Gazetecilerin yönelttiği sorular ve Kılıçdaroğlu’nun bunlara verdiği yanıtlardan bazıları şöyle:
– Ahmet Hakan: 2015 seçimi, yüzde 48 / 52 dengesi… 2018 seçimi, yüzde 48 / 52 dengesi… 2023 seçimi, yüzde 48 / 52 dengesi… Bu açıdan baktığınızda Seçim sonuçlarını nasıl yorumluyorsunuz? Hiç değişmeyen bir dengeye takılıp kalındığı görüşüne ne dersiniz? “Arkamızda 25 milyon oy var” cümlesinin değerini, bu denge düşürmüyor mu?
Önceki seçimlerin hiçbirinde gerçek anlamda yüzde 48 gibi birleşik bir oy oranımız olmadı. Muhalefet burada birleşmenin önemini kavrayamamıştı. Biz 2023’te sadece 6’lı masa kurmadık aslında; 25 milyondan oluşan bir masa kurduk.
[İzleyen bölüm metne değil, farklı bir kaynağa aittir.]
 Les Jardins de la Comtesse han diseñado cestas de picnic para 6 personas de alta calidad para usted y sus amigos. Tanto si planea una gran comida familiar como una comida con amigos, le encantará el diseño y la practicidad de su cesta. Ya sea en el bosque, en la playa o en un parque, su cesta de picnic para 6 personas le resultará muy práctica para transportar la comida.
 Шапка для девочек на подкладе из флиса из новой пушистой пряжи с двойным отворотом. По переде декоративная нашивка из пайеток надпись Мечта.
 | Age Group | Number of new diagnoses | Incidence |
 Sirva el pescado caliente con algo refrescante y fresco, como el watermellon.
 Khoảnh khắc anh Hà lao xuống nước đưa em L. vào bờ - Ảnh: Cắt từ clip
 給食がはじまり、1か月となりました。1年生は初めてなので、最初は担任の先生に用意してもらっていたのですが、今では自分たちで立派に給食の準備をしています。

Farklı renklerin “zulme karşı, diktaya karşı birleşelim” ve “Türkiye’yi yeniden ayağa kaldıralım” dediği bir masaydı bu. Tüm itirazlara rağmen ısrarla üzerinde durduğum bir hedefti bu. AK Parti’nin oyunun yüzde 49’lardan 35’lere düştüğünü de unutmamak gerek. Siyasi iktidar, andığınız seçim dönemleri dahil neredeyse tüm seçimlerde kamu kaynaklarını fütursuzca, hoyratça kullandı. Kamu otoritesini de tehdide, şantaja, kayırmacılığa, dezenformasyona varacak şekilde, seçmen ve muhalefet partileri üzerinde bir tahakküm aracı olarak kullanmaktan çekinmedi. Bunun sonucu da 2019 yerel seçimlerinde hemen tüm metropollerde seçimleri kaybetti.
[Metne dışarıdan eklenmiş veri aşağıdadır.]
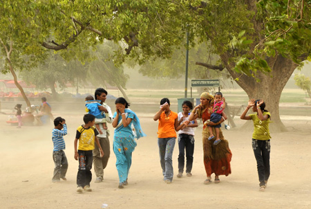 ▲近日,印度首都新德里遭遇高溫?fù)P塵天氣,42攝氏度的氣溫伴隨著大風(fēng)引起的揚(yáng)塵橫掃了整個(gè)城市,幾名行人在大風(fēng)揚(yáng)塵中掩面而行。記者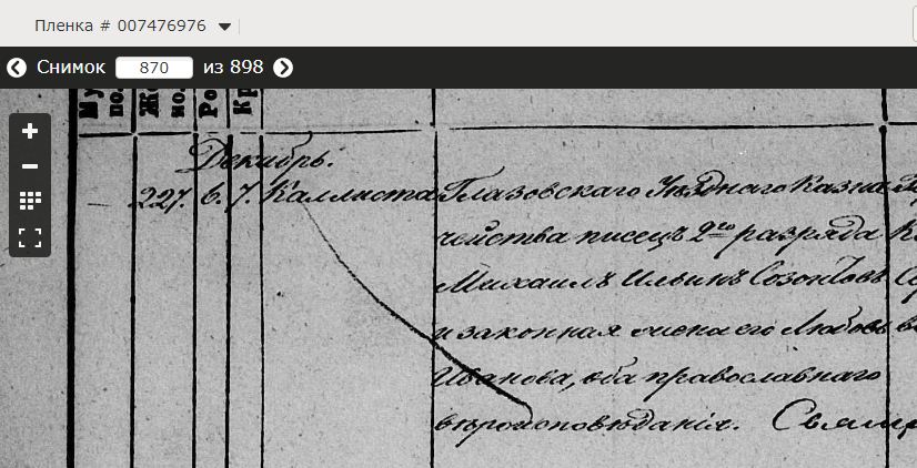 "№ 227, 6 декабря 1858 г., родилась дочь - Каллиста, родители: Глазовскаго Уезднаго Казначейства писец 2-го разряда Михаил Ильин Созонтов и законная жена его Любовь Иванова, оба православнаго вероисповедания"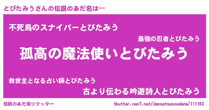 | 胡散臭い通販商品みたいなあだ名 | 『信頼と実績のサプリメント…その名も「とびたみう」』 |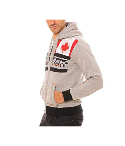 Geographical Norway Felpa Face Maglia Maniche Lunghe Uomo Zip Cappuccio SA917h/CP (Grigio, S)

‘HATAMIZ OLDUĞUNU DÜŞÜNMÜYORUM’
– Sedat Ergin: Şimdi geride bıraktığımız milletvekili ve cumhurbaşkanlığı seçiminin sonuçlarına baktığınızda, seçim sürecinde izlediğiniz stratejide, taktiklerde hangi hataları yaptığınızı değerlendiriyorsunuz? Bu sonuçlardan yola çıkarak neyi farklı yapardınız?
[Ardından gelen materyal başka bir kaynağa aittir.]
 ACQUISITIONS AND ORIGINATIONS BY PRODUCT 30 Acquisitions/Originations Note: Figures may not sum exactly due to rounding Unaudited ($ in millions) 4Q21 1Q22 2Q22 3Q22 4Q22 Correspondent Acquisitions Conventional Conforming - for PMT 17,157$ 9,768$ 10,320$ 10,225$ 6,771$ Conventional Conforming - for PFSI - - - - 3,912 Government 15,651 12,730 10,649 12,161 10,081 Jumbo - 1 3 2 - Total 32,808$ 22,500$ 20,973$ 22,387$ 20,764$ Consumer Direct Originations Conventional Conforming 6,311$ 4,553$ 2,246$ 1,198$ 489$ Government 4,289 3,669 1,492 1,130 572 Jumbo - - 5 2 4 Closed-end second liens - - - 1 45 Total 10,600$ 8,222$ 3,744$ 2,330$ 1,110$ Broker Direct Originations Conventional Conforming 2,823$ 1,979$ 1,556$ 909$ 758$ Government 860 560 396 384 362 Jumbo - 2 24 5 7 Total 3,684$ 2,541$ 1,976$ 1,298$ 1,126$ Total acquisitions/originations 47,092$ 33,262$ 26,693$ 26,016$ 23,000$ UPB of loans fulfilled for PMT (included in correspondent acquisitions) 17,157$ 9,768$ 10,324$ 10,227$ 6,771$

Kampanyanın diline, üslubuna, ahlaklı ve namuslu iletişime ilişkin bir hatamız olduğunu düşünmüyorum. Ancak şunu samimiyetle söyleyebilirim ki yıllar öncesinden başlattığımız ve bize oldukça değerli, önemli kazanımlar sağlayan kanaat önderleri toplantılarını sayıca daha fazla yapmalıydık. Özellikle de siyasi iktidarın kendisi aleyhine ortaya çıkabilecek bir seçim sonucunu, “Darbe girişimi” olarak nitelendirmesiyle birlikte benim “Kentli modern muhafazakârlar” olanak nitelendirdiğim toplumsal kesimde bir korku yaşandı. Biz, onların yaşadığı bu korkuyu, onlarla daha sıkı bir ilişki kurarak giderebilirdik. Ancak bu seçim kampanyasının seyri içinde yeteri düzeyde mümkün olmadı.
‘İMAMOĞLU’NA KIZGIN DEĞİLİM’
– Abdulkadir Selvi: İmamoğlu’na kırgın mısınız? “Oğlum Ekrem” demiştiniz İmamoğlu’ndan bu hareketi bekliyor muydunuz? Tekrar İstanbul’a aday gösterecek misiniz? Yerel seçimlerde İstanbul ve Ankara’yı kaybederseniz istifa eder misiniz? Sayın İmamoğlu, gündeme taşıdığı değişim tartışmalarıyla ilgili bir internet sitesi de oluşturdu. Bunun için bir yorumunuz olur mu?
Sayın İmamoğlu’na kızgın değilim elbette. Aksine İstanbul Büyükşehir Belediyesi’nde gösterdiği performanstan çok mutluyum; gurur duyuyorum. Sayın İmamoğlu’nun aday olarak ismi açıklandığında, “Nereden buldunuz bu ismi?” diyenlere inat hep birlikte inançla yürüdük ve İstanbul’u kazandık. Sayın İmamoğlu kendisine güvenenleri ve kendisine güvenip oy veren İstanbulluları fazlasıyla memnun etti. Haliyle CHP’nin İstanbul Büyükşehir Belediye Başkanlığı’nda bir aday arayışı yoktur; adayımız Sayın İmamoğlu’dur. Öte yandan şunu da söyleyeyim ki 2024 yerel seçimlerinde 2019 seçimlerinden çok daha iyi bir sonuç alacağız. Kimsenin şüphesi olmasın. Sayın İmamoğlu’nun oluşturduğunu ifade ettiğiniz internet sitesi ve benzer çabaları da değerli buluyorum. Partimize ve ülkemize ilişkin her çabayı değerli buluyorum.
(…)
‘10 CEPHEDE YARA ALMIŞ BİR KOMUTAN SAVAŞA DEVAM EDER Mİ, EVET’
– Uğur Meleke: Dünyanın hiçbir yerinde 10 kez üst üste yenilgi almış teknik direktör 11’inci maça çıkmaz. İstifa çağrılarına ne diyorsunuz?
Ben Galatasaray, Fenerbahçe, Beşiktaş, Trabzonspor teknik direktörü olarak birinin diğerini yenmesini sağlamaya çalışmıyorum; tam tersine taraftarları birleştirmeye çalışıyorum. Rakip taraftarların el ele tutuşmasını, helalleşmesini, derbileri el ele izlemesini sağlamaya çalışıyorum. Ve bunları yaparken karşımda sermaye, medya gücü, profesyonel sosyal medya ajanları, sahte montaj ekipleri vs. olan bir yapıyla savaşıyorum. 10 cephede yara almış bir komutan savaşa devam eder mi? Evet, eder/etmelidir. CHP Genel Başkanı olmasam da mücadeleyi asla bırakmam.